Lessons for the day:

• a distribution function does not appear to be resampled in a loop if you try to do what I was trying earlier
• you can't use max() the way I tried, as it returns the maximum value from the column, whereas I wanted the maximum from two values. The ifelse statement is the replacement one to do.

Answer 1

Here is an approach that addresses the 2 biggest speed issues:

1. Instead of looping over observations( i ), we compute them all at once.
2. Instead of looping over MC replications ( j ), we use replicate , which is a simplified apply meant for this purpose.

First we load the dataset and define a function for what you were doing.

Male.Distrib = read.table('MaleDistrib.txt', check.names=F)

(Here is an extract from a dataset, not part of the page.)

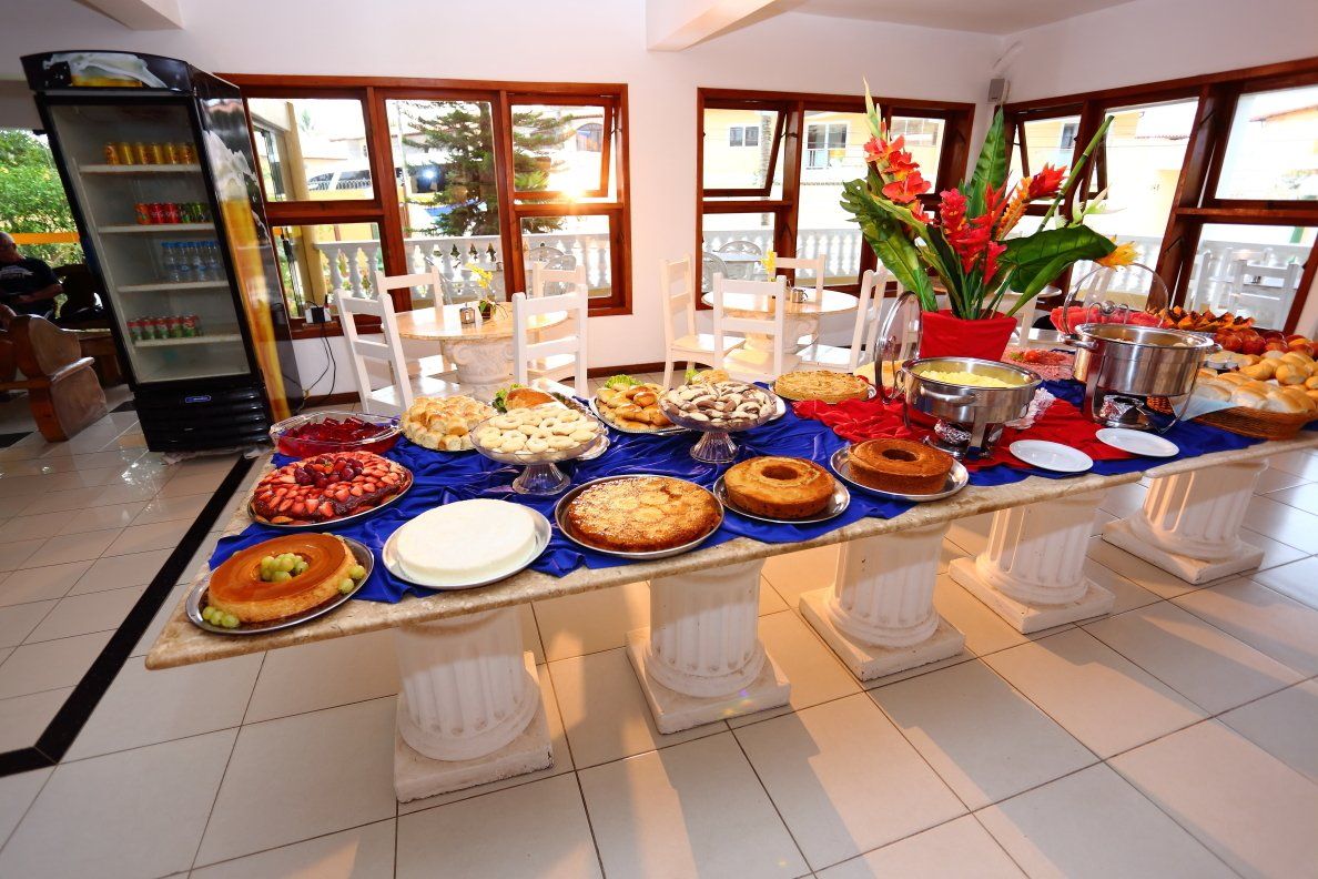 Nosso Restaurante serve diariamente café da manhã buffet preparado no próprio hotel com variedades de pães, bolos, salgados, frutas, frios e sucos.

getMC <- function(df, Lambda.Value=0.4, Male.Resid.Var=12.1029420429778) {
  u2        <- df$stddev_u2 * rnorm(nrow(df), mean = 0, sd = 1)
  mc_bca    <- df$FixedEff + u2
  temp      <- Lambda.Value*mc_bca+1
  ginv_a    <- temp^(1/Lambda.Value)
  d2ginv_a  <- max(0,(1-Lambda.Value)*temp^(1/Lambda.Value-2))
  mc_amount <- ginv_a + d2ginv_a * Male.Resid.Var / 2
  mc_amount
}

Then we replicate it a bunch of times.

> replicate(10, getMC(Male.Distrib))
         [,1]      [,2]     [,3]     [,4]      [,5]     [,6]     [,7]     [,8]     [,9]    [,10]
[1,] 36.72374 44.491777 55.19637 23.53442 23.260609 49.56022 31.90657 25.26383 25.31197 20.58857
[2,] 29.56115 18.593496 57.84550 22.01581 22.906528 22.15470 29.38923 51.38825 13.45865 21.47531
[3,] 61.27075 10.140378 75.64172 28.10286  9.652907 49.25729 23.82104 31.77349 16.24840 78.02267
[4,] 49.42798 22.326136 33.87446 14.00084 25.107143 25.75241 30.20490 33.14770 62.86563 27.33652
[5,] 53.45546  9.673162 22.66676 38.76392 30.786100 23.42267 28.40211 35.95015 43.75506 58.83676
[6,] 34.72440 23.786004 63.57919  8.08238 12.636745 34.11844 14.88339 21.93766 44.53451 51.12331

Then you can reformat, add IDs, etc., but this is the idea for the main computational part. Good luck!